XII DOMINGO DEL TIEMPO ORDINARIO- A


En aquel tiempo dijo Jesús a sus apóstoles: "No teman a los hombres. No hay nada oculto que no llegue a descubrirse; no hay nada secreto que no llegue a saberse. Lo que les digo de noche, repítanlo en pleno día, y lo que les digo al oído, pregónenlo desde las azoteas. No tengan miedo a los que matan el cuerpo, pero no pueden matar el alma. Teman, más bien, a quien puede arrojar al lugar de castigo el alma y el cuerpo. ¿No es verdad que se venden dos pajarillos por una moneda? Sin embargo, ni uno solo de ellos cae por tierra si no lo permite el Padre. En cuanto a ustedes, hasta los cabellos de su cabeza están contados. Por lo tanto, no tengan miedo, porque ustedes valen mucho más que todos los pájaros del mundo. A quien me reconozca delante de los hombres, yo también lo reconoceré ante mi Padre del cielo; pero al que me niegue delante los hombres, yo también lo negaré ante mi Padre del cielo".

Mt 10,26-33


Por tres veces invita a Jesús a los suyos, en el texto que acabamos de leer, a no tener miedo. Esas palabras suyas, esa insistencia en que perdamos el miedo, no han perdido, en absoluto, vigencia; antes al contrario, son muchos los que, hoy día, viven sumidos en el miedo o, en el mejor de los casos, lo camuflan de mil formas para no hacer frente a esa realidad que, a pesar de todo, sigue estando ahí, minando nuestras alegrías, nuestras seguridades, nuestras confianzas.

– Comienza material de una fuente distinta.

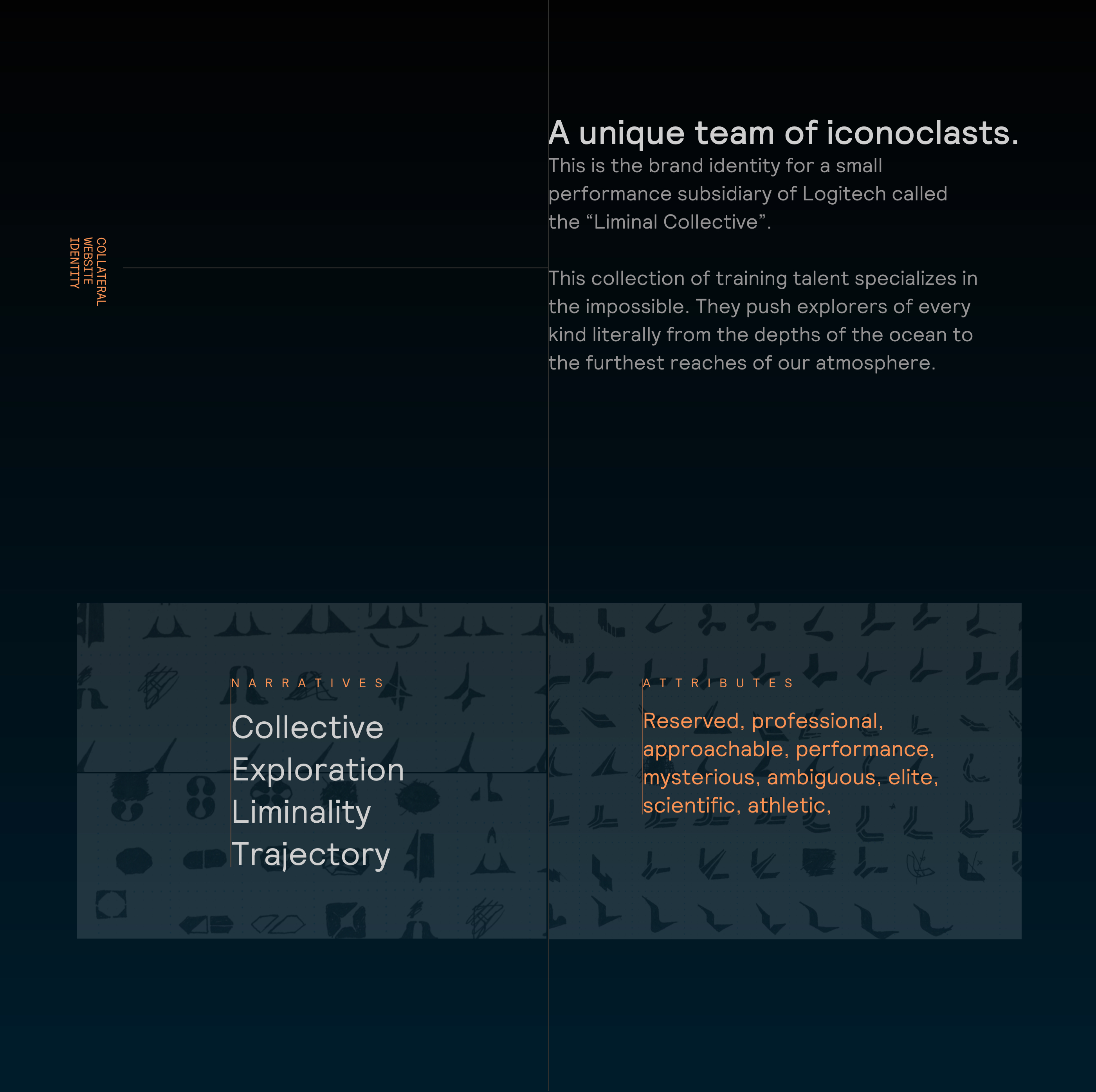 A branding system for the performance specialty group within Logitech called the Liminal Collective.

Miedo a la cesantía, a la guerra, al desastre nuclear, a perder votos, a no conseguir el poder, a no conservar la categoría social, a no "triunfar" en la vida, a la oposición, al terrorismo, a la inflación, a la sequía, al hambre, a la soledad, al dolor, a la enfermedad y, sobre todo, miedo a la muerte, como síntesis total de todos los posibles fracasos que en la vida se pueden dar.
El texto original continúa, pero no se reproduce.